_Required action_:
When you reach the line that contains "Metall soba/odun peçi", set down that line and every one after it through the end of the records, exactly as written and with no pictures.

Entries taken from a collection
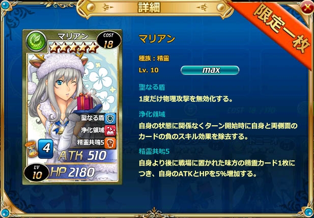 新カードパック「聖・夜・祭」を100回利用するまでの間に、必ず★5のカードが1枚以上確定で出現いたします!一度★5のカードを獲得した後も、再度100回★5保証が付きます。
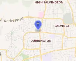 The parish, in its present form (ratified in 1974), covers the Durrington, West Durrington and High Salvington suburbs in the northwest of the borough of Worthing, and some surrounding rural areas. The eastern boundary is formed by Mill Lane, Half Moon Lane and Stone Lane; the main Littlehampton Road marks the southern boundary; and Titnore Lane and field boundaries form the other parts of the boundary.[30][31]
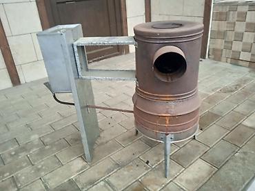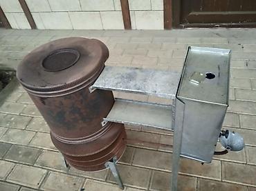 Metall soba/odun peçi - Material: qalın metal korpus, üstü düz polad səth - Ön hissədə tüstü borusu üçün çıxış (diametr təxminən 8–10 sm); bacaya qoşmaq mümkündür - Alt hissədə hava girişi üçün kə...
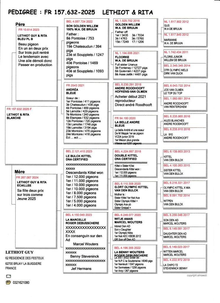 N° 04 : 25-157632 : Femelle Willem De Bruijn xRoodhooft X Kittel x Marcel wouters
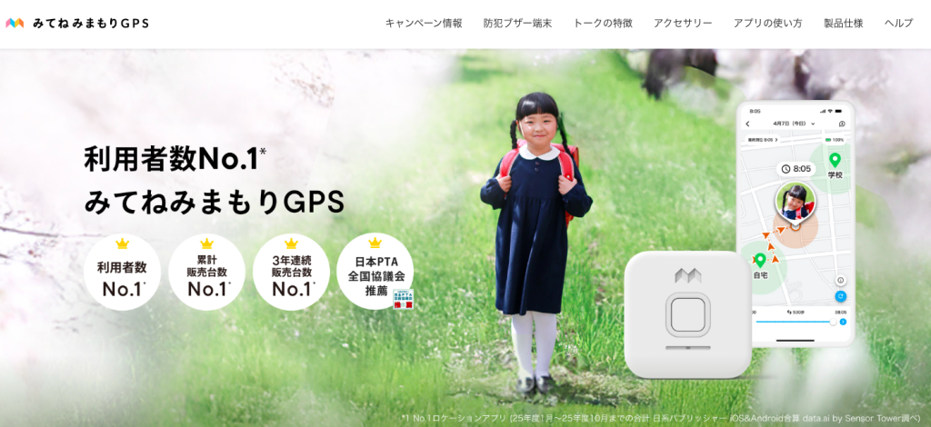 みてねみまもりGPSトークは写真・動画共有アプリでおなじみの「みてね」が提供する、音声メッセージ機能付きの見守りGPSです。2024年に登場した比較的新しいモデルで、これまでの「居場所を確認するだけ」のGPSから一歩進み、親子で声のやり取りができる点が大きな特徴です。
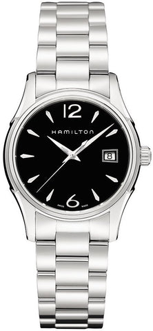 Hamilton Watch American Classic Jazzmaster Lady Quartz H32351135. The simple, unassuming style of the Jazzmaster Lady creates an image of grace, poise and class. Available in 27mm, 30mm and 34 mm case size, these Quartz timepieces are offered in varying bracelet and strap colors and styles. Dials are available in black, white and mother of pearl with several models offering the option of diamond accents.
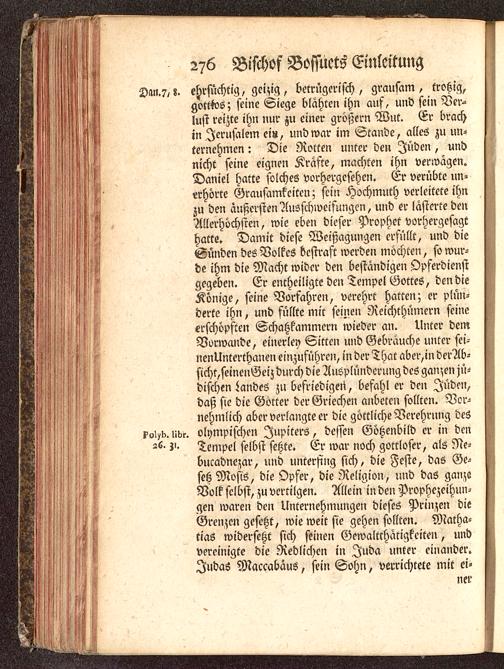 Van.?,!, ehrsüchtig, geizig, betrügerisch, grausam, trotzig,gott ^oö; seine Siege blähte» ihn auf, und sein Ver-lust reizte ihn nur zu einer größern Wut. Er brachin Jerusalem ei», und war im Stande, alles zu un-ternehmen : Die Rotten unter den Juden, undnicht seine eignen Kräfte, machten ihn venvägen.Daniel hatte solches vorhergesehen. Er verübte un-erhörte Grausamkeiten; sein Hochmuth verleitete ihnzu den äußersten Ausschweifungen, und er lästerte denAllerhöchsten, wie eben dieser Prophet vorhergcsagrhatte. Damit diese Weißagungen erfüllt, und dieSünden des Volkes bestraft werden möchten, so wur-de ihm die Macht wider den beständige!, Opferdienstgegeben. Er entheiligte den Tempel Gottes, den dieKönige, seine Vorfahren, verehrt hatten; er plün-derte ihn, und füllte mit seinen Reichthümern seineerschöpften Schatzkammern wieder an. Unter demVorwcmde, einerley Sitten und Gebräuche unter sei-nenUnterthanen einzuführen, in der Thal aber,in derAb-sicht,seinenGeiz durch die Ausplünderung des ganzen jü-dischen Landes zu befriedigen", befahl er den Jüden,daß sie die Götter der Griechen anbeten sollten. Vor-nehmlich aber verlangte er die göttliche Verehrung des

_Written answer_:
 Metall soba/odun peçi - Material: qalın metal korpus, üstü düz polad səth - Ön hissədə tüstü borusu üçün çıxış (diametr təxminən 8–10 sm); bacaya qoşmaq mümkündür - Alt hissədə hava girişi üçün kə...
 N° 04 : 25-157632 : Femelle Willem De Bruijn xRoodhooft X Kittel x Marcel wouters
 みてねみまもりGPSトークは写真・動画共有アプリでおなじみの「みてね」が提供する、音声メッセージ機能付きの見守りGPSです。2024年に登場した比較的新しいモデルで、これまでの「居場所を確認するだけ」のGPSから一歩進み、親子で声のやり取りができる点が大きな特徴です。
 Hamilton Watch American Classic Jazzmaster Lady Quartz H32351135. The simple, unassuming style of the Jazzmaster Lady creates an image of grace, poise and class. Available in 27mm, 30mm and 34 mm case size, these Quartz timepieces are offered in varying bracelet and strap colors and styles. Dials are available in black, white and mother of pearl with several models offering the option of diamond accents.
 Van.?,!, ehrsüchtig, geizig, betrügerisch, grausam, trotzig,gott ^oö; seine Siege blähte» ihn auf, und sein Ver-lust reizte ihn nur zu einer größern Wut. Er brachin Jerusalem ei», und war im Stande, alles zu un-ternehmen : Die Rotten unter den Juden, undnicht seine eignen Kräfte, machten ihn venvägen.Daniel hatte solches vorhergesehen. Er verübte un-erhörte Grausamkeiten; sein Hochmuth verleitete ihnzu den äußersten Ausschweifungen, und er lästerte denAllerhöchsten, wie eben dieser Prophet vorhergcsagrhatte. Damit diese Weißagungen erfüllt, und dieSünden des Volkes bestraft werden möchten, so wur-de ihm die Macht wider den beständige!, Opferdienstgegeben. Er entheiligte den Tempel Gottes, den dieKönige, seine Vorfahren, verehrt hatten; er plün-derte ihn, und füllte mit seinen Reichthümern seineerschöpften Schatzkammern wieder an. Unter demVorwcmde, einerley Sitten und Gebräuche unter sei-nenUnterthanen einzuführen, in der Thal aber,in derAb-sicht,seinenGeiz durch die Ausplünderung des ganzen jü-dischen Landes zu befriedigen", befahl er den Jüden,daß sie die Götter der Griechen anbeten sollten. Vor-nehmlich aber verlangte er die göttliche Verehrung des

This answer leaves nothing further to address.